The benefits of Restorative Care are numerous, according to BGH staff. “It’s a positive environment because we are working to send people home,” says Navigation Nurse Frances Kennedy, who has worked with the program since its inception. “Patients love it, it works, and people hear good things about it.”

Lorraine White, Floor Charge Nurse, agrees. “It’s a different nursing model. The program looks at wellness rather than illness, with the emphasis on patients doing for themselves. And that provides the motivation. It’s actually more time consuming, but very reaffirming for patients in terms of their improvement and return to some independence. They put their hearts into it.”
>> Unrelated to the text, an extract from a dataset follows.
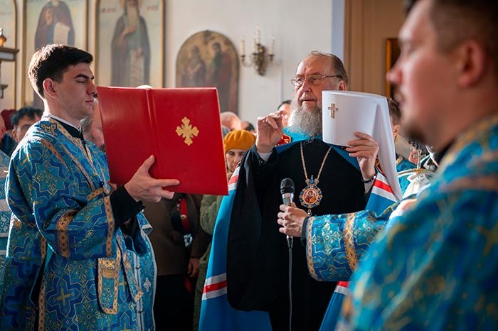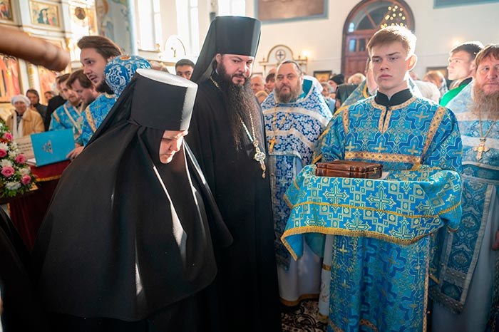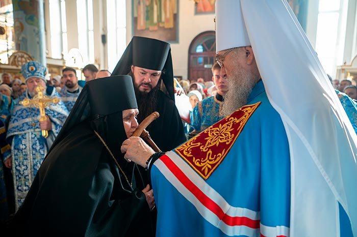 После прочтения молитв иерарх возложил на настоятельницу монастыря наперсный крест и вручил ей игуменский посох.
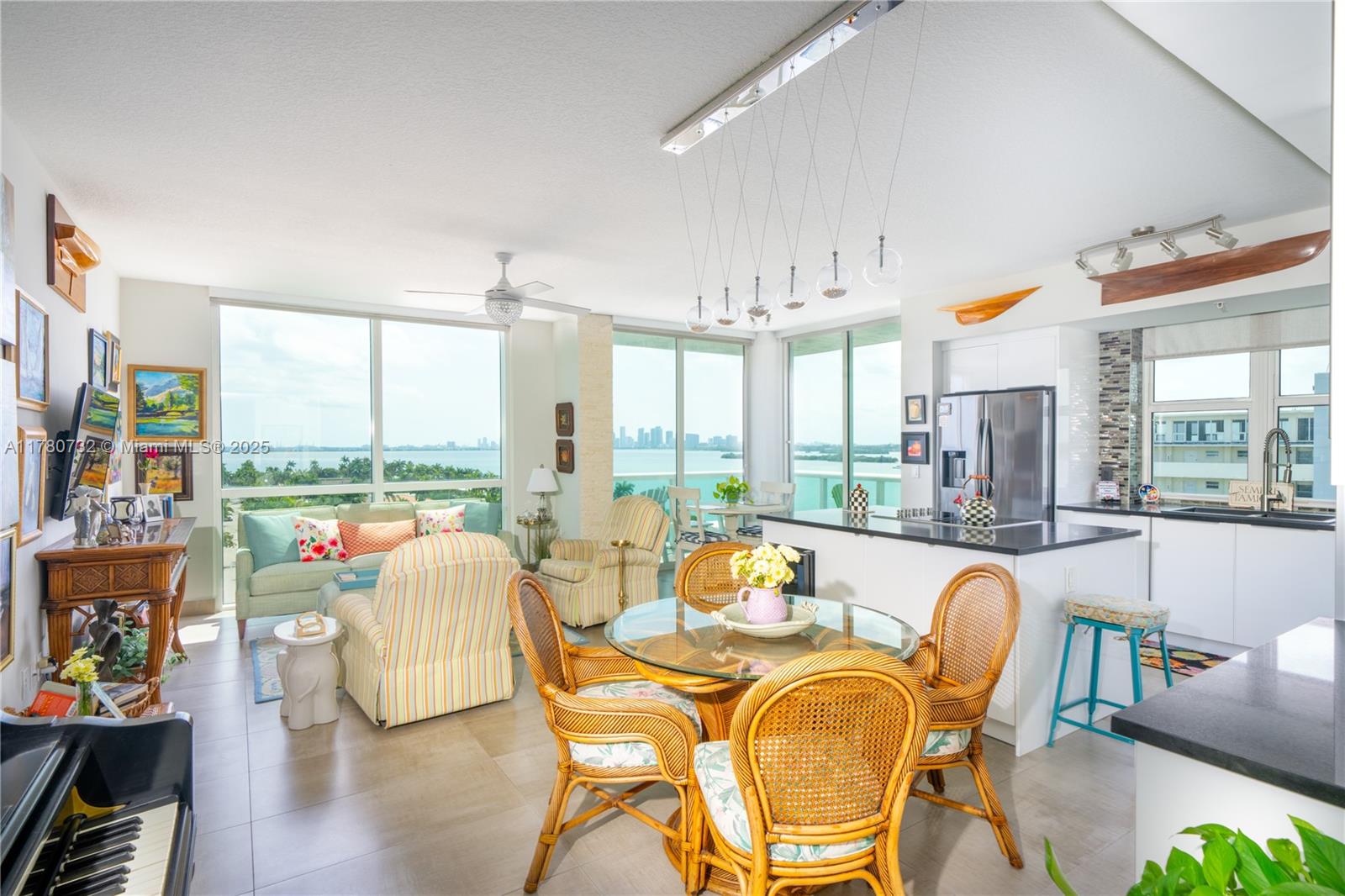 Accepting backup offers. Luxury Waterfront Corner Unit | Enjoy breathtaking Intracoastal and skyline views from this 3-bed, 2-bath corner unit with floor-to-ceiling impact windows and 2 private balconies. Features include an upgraded kitchen with granite counters, stainless steel appliances, wine cooler, and modern cabinetry. Spacious living area with remote-control shades, new tankless water heater, and ceiling fans in every room. Guest room has a custom Murphy bed. Includes 2 garage spaces + unlimited valet. Direct bay access for kayaking and paddleboarding, plus free storage for bikes and gear. Resort-style amenities: 2 pools, spa, gym, sauna, 24-hr security, concierge, and more. Located in booming North Bay Village, undergoing a $2B transformation—don’t miss this rare opportunity!

In addition, the benefits of Restorative Care are not confined to the patients. “It’s a very positive atmosphere to work in,” says Caroline Cardoso, Occupational Therapist. “Patients in the program are not in bed but up, dressed, and engaged in activities with physio, recreational and occupational therapists; sometimes in group activities to stimulate them. People improve. It gives them hope, and they achieve a better quality of life. It’s nice to see the beds used in this positive way.”

“The program is successful,” adds Physiotherapist Tanya Collins. “We’re very happy about that.” Collins is right. The success of Restorative Care at BGH is impressive, at almost 52 per cent. With the original 71 patients admitted to the program, 37 were successfully discharged to their homes. Ten converted to ALC status, one to long-term care and two to intense rehab. Of the ten moved to ALC status, all had improvements in their mobility and activities of daily living—greatly enhancing their quality of life no matter what their destination of care was.

With an aging population in this country and a significant demographic of seniors in Leeds/Grenville, the Restorative Care program should have a substantial impact. What does the future hold? “Our next stage is to hire more therapists,” says Heather Crawford, Vice President Clinical Services and Chief Nursing Executive for BGH, “and look at our nursing resources. We’ve implemented the program and it works. The challenge now is a familiar one—funding. This program was developed entirely within the existing hospital budget as there was no outside funding for it at the time.”

“Recently, we forwarded a proposal to the South East LHIN for funding to expand the Restorative Care program by offering additional resources at our Charles Street Site so we can begin the process while clients are still in acute care. This will allow us to start the treatment as soon as possible. The other expansion we’ve proposed is to have more out-patient services to continue the program after clients have gone home,” she adds.

Crawford says the response from the South East LHIN was very supportive. Just prior to Christmas, BGH received confirmation of “one time” dollars for an enhanced Restorative Care project

“We’ll keep developing and adding to Restorative Care as much as we can,” says Anderson. “This is revolutionizing rehabilitation and maximizing life. For those who can participate, it really is the better option.”